_What the exercise asks:_ Would you return, word for word, the lines of the data below from the line with "A décima edição" through the line with "Золотая рамка для", and no others?

_Available data:_
################

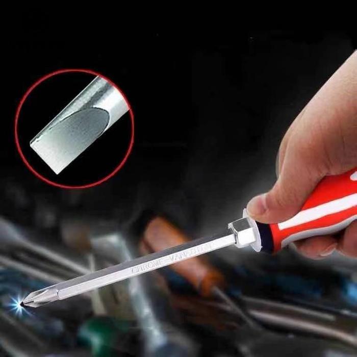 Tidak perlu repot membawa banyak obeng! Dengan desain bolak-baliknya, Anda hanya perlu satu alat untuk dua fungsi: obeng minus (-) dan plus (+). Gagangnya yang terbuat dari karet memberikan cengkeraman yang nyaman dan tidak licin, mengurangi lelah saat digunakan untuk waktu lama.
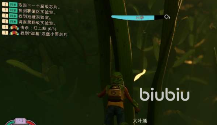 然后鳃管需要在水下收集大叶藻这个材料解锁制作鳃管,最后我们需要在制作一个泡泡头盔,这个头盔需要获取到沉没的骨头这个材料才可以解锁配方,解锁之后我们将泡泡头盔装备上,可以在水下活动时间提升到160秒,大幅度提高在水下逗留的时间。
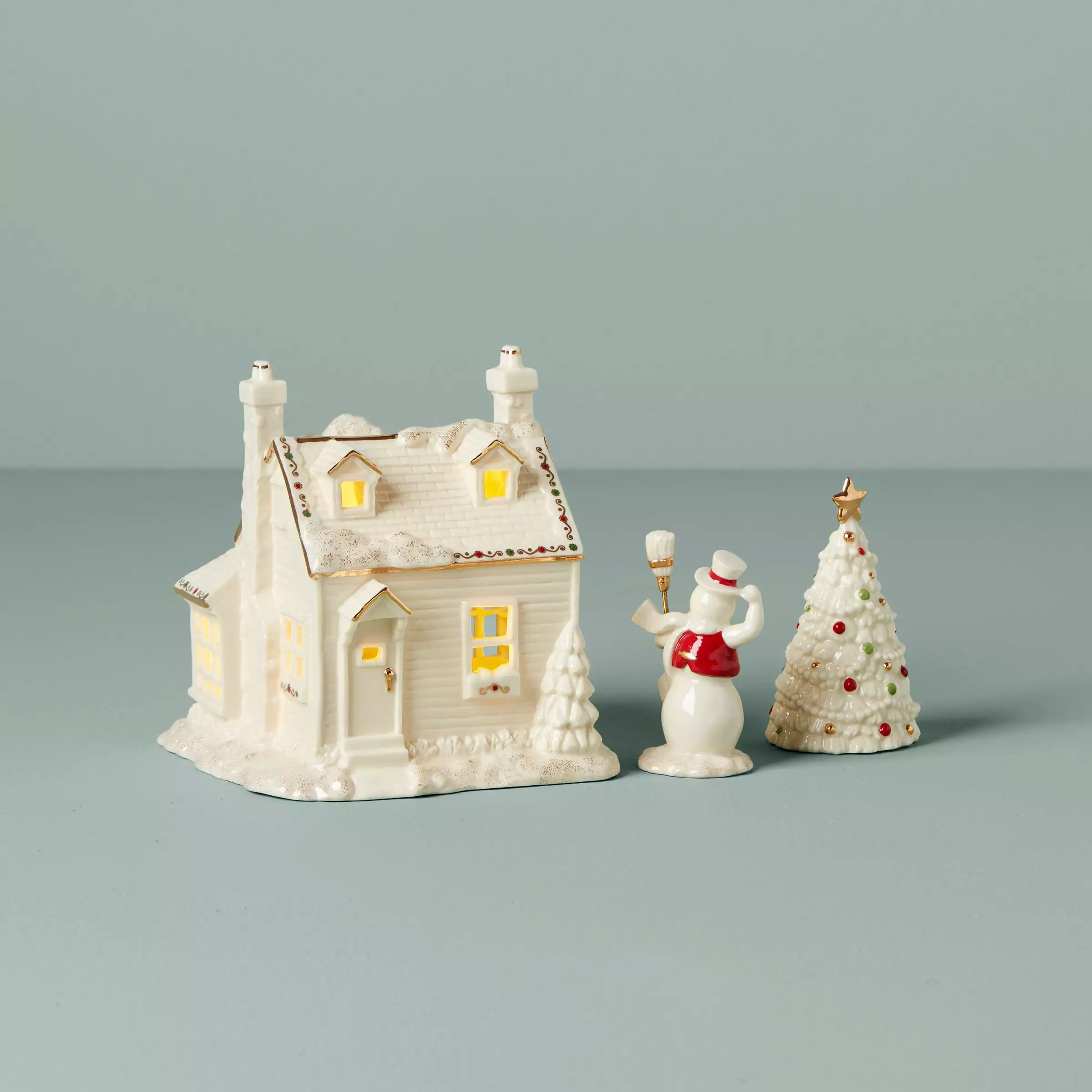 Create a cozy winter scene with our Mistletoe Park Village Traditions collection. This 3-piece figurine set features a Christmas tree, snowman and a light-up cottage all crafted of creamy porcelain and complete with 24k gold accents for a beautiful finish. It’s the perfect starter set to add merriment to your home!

################

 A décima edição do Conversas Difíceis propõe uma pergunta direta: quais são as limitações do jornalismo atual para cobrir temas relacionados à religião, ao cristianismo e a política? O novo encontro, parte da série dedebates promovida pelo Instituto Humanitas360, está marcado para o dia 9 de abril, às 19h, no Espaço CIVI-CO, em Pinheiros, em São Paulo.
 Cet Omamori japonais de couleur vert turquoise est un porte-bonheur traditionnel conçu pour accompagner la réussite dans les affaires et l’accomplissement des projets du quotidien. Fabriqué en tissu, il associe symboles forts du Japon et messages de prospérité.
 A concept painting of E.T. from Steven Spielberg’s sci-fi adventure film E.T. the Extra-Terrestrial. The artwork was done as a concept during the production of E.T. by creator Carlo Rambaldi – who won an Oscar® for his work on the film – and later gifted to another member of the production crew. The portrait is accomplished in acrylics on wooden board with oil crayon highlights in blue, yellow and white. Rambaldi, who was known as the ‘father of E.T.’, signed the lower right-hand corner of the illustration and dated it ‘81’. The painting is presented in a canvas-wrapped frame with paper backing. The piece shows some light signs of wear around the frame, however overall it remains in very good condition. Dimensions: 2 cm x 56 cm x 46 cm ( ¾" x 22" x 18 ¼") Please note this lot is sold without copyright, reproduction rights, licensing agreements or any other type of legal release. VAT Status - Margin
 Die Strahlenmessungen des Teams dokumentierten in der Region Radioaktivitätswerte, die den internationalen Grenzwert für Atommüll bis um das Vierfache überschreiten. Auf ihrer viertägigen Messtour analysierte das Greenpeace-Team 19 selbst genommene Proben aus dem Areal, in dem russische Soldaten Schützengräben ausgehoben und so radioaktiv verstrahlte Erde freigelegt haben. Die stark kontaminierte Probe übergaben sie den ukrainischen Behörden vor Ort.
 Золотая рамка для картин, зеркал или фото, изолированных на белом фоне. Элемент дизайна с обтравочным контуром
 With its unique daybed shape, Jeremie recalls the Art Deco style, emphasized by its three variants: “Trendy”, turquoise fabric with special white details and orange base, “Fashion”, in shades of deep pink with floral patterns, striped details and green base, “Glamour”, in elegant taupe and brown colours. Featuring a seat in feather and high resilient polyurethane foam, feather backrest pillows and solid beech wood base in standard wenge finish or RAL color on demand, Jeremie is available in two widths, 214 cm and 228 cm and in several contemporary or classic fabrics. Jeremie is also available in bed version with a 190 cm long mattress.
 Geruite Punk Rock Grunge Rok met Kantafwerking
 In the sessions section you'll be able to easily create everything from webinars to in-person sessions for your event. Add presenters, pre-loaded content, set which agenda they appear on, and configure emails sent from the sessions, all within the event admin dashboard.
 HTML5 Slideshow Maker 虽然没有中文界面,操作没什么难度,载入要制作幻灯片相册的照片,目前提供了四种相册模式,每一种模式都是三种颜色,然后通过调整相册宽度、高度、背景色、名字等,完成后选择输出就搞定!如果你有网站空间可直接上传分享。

################

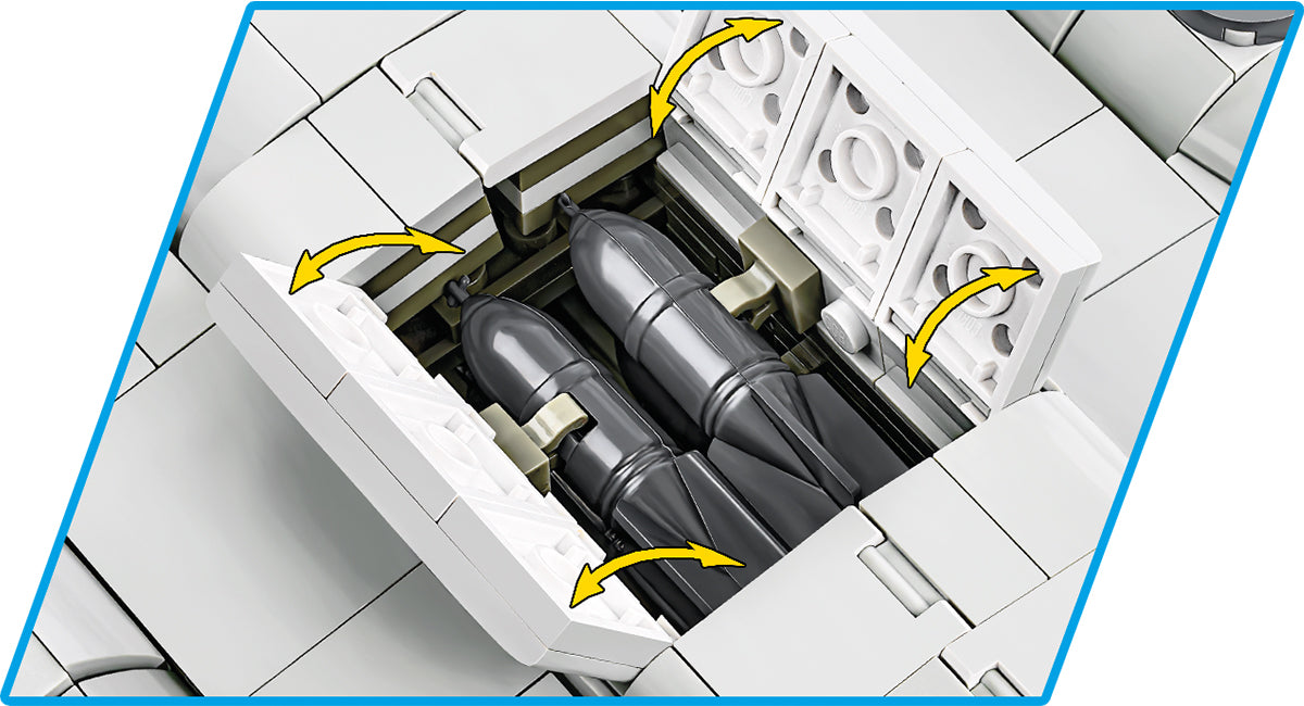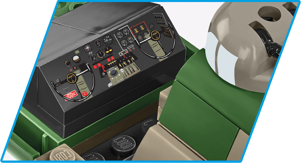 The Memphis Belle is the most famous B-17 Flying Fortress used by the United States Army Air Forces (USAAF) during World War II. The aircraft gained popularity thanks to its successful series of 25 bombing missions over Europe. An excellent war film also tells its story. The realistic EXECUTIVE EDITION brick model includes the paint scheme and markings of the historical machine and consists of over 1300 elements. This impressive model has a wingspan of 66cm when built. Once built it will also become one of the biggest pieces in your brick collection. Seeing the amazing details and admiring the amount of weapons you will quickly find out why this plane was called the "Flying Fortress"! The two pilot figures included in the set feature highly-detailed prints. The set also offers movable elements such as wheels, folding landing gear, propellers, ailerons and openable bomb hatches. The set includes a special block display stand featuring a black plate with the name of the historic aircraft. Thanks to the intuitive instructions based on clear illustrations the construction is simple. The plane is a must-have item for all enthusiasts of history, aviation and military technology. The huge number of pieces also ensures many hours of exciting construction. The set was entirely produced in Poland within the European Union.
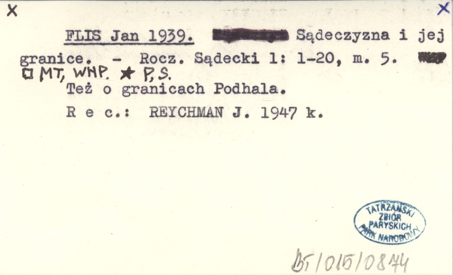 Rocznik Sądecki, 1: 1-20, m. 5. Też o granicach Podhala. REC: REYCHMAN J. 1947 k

################

_Solution to the problem:_
 A décima edição do Conversas Difíceis propõe uma pergunta direta: quais são as limitações do jornalismo atual para cobrir temas relacionados à religião, ao cristianismo e a política? O novo encontro, parte da série dedebates promovida pelo Instituto Humanitas360, está marcado para o dia 9 de abril, às 19h, no Espaço CIVI-CO, em Pinheiros, em São Paulo.
 Cet Omamori japonais de couleur vert turquoise est un porte-bonheur traditionnel conçu pour accompagner la réussite dans les affaires et l’accomplissement des projets du quotidien. Fabriqué en tissu, il associe symboles forts du Japon et messages de prospérité.
 A concept painting of E.T. from Steven Spielberg’s sci-fi adventure film E.T. the Extra-Terrestrial. The artwork was done as a concept during the production of E.T. by creator Carlo Rambaldi – who won an Oscar® for his work on the film – and later gifted to another member of the production crew. The portrait is accomplished in acrylics on wooden board with oil crayon highlights in blue, yellow and white. Rambaldi, who was known as the ‘father of E.T.’, signed the lower right-hand corner of the illustration and dated it ‘81’. The painting is presented in a canvas-wrapped frame with paper backing. The piece shows some light signs of wear around the frame, however overall it remains in very good condition. Dimensions: 2 cm x 56 cm x 46 cm ( ¾" x 22" x 18 ¼") Please note this lot is sold without copyright, reproduction rights, licensing agreements or any other type of legal release. VAT Status - Margin
 Die Strahlenmessungen des Teams dokumentierten in der Region Radioaktivitätswerte, die den internationalen Grenzwert für Atommüll bis um das Vierfache überschreiten. Auf ihrer viertägigen Messtour analysierte das Greenpeace-Team 19 selbst genommene Proben aus dem Areal, in dem russische Soldaten Schützengräben ausgehoben und so radioaktiv verstrahlte Erde freigelegt haben. Die stark kontaminierte Probe übergaben sie den ukrainischen Behörden vor Ort.
 Золотая рамка для картин, зеркал или фото, изолированных на белом фоне. Элемент дизайна с обтравочным контуром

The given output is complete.